President Ramaphosa celebrates Investment Summit positive outcomes

SOUTH AFRICA - Report 28 Oct 2018 by Iraj Abedian

Investment and economic growth are interconnected, with higher investment proven to lead to higher growth. The inverse is also true, countries that have low investment levels are slow to grow, and even stagnate, leading to poor quality of life in general. The South African economy is no different and needs sufficient investment, sustained over a period of time, to grow, and for this reason, President Ramaphosa has made it one of his chief goals to attract investment into the country.

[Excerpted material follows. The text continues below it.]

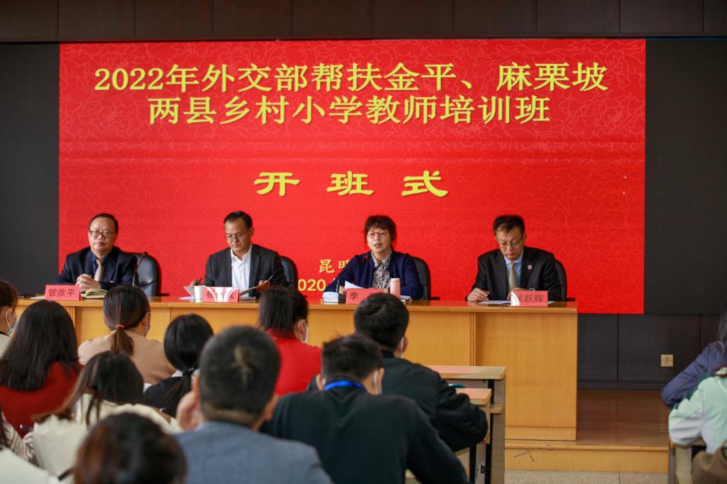 10月25日上午,2022年外交部帮扶金平、麻栗坡两县乡村小学教师培训班在beat365开班。云南省人民政府外事办公室副主任杨绍成、beat365官方网站党委副书记李莉、省政府外事办公室人事处及beat365继续教育学院的相关领导和职能部门的同志出席了开班仪式。开班仪式由继续教育学院院长管彦平主持。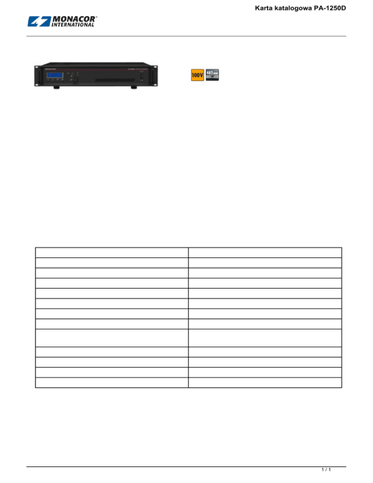 Karta katalogowa PA-1250D PA-1250D, Wzmacniacz cyfrowy PA, mono Opis Cyfrowy wzmacniacz PAWzmacniacz PA-1250D reprezentuje nową generację urządzeń, charakteryzujących się dużymi zdolnościami mocowymi przy niskich kosztach użytkowania oraz dłuższą żywotnością. W porównaniu z analogowymi wzmacniaczami 100V o efektywności na poziomie 70%, osiąga wartość powyżej 90%. Ponadto, dzięki małej emisji ciepła, praktycznie nie wymaga chłodzenia.Wzmacniacz cyfrowy PA, mono, energooszczędny.1 x 250WRMSKlasa D o wysokiej efektywności (redukcja kosztów zasilania o 90%)Funkcja oszczędzania energii: automatyczne przechodzenie w tryb standby w przypadku braku sygnału na wejściu (ponowne włączenie po pojawieniu się sygnału)Wymaga mniejszych pojemności akumulatorów do zasilania awaryjnego niż analogowe wzmacniacze 100VObniżone wymaganie chłodzenia dzięki małej emisji ciepłaCicha praca dzięki chłodzeniu bez wentylatora; idealne rozwiązanie dla biur, sal konferencyjnych, kościołów Specjalne obwody zabezpieczające przed zwarciem, spadkiem napięcia i przegrzaniemRozbudowane menu sterujące, wyświetlacz LCD Port RS-485 do zdalnego sterowaniaWłączany filtr górnoprzepustowy 200Hz, 6dB/okt.Dodatkowe wejście priorytetuZasilanie sieciowe lub awaryjne 24V Parametry techniczne Moc wyjściowa 250WRMS, 350WMAX Czułość wejściowa 1.2V, sym. (linia) Impedancja wyjściowa 100V/40Ω Pasmo przenoszenia 50-18 000Hz, ±3dB Stosunek S/N > 100dB, ważony A THD < 0.5% Filtr górnoprzepustowy 200Hz, 6dB/okt. Dopuszcz. temp. otoczenia 0-40 °C Zasilanie 230V˜/50Hz/350VA,8W (standby),24V prąd stały /20A,280mA (standby) Wymiary 482x88x410mm, 2U Waga 7.5kg Wejście sygnału terminale śrubowe Wyjścia głośnikowe terminale śrubowe 1/1 Powered by TCPDF (www.tcpdf.org)

Indeed, one of the biggest challenges that have been facing South Africa for a long time now has been low investment. Growth in total gross fixed capital formation for the 10-year period from 2008 to 2017 (i.e. since the great recession) has averaged a measly 1.8%, and this is in contrast to the 6.7% growth rate for the 10-year period from 1998 to 2007. At the same time, investment has been seriously muted for the past two years, contracting by 4.1% in 2016 and barely growing at 0.4% in 2017. Economic growth has been a casualty of the low investment environment. South Africa is in a technical recession owing to the negative quarterly growth rates during H1 2018, and Finance Minister Tito Mboweni stated during the recent Medium Term Budget Policy Statement (MTBPS) that the country’s GDP forecast for 2018 has been revised down from 1.5% to 0.7%.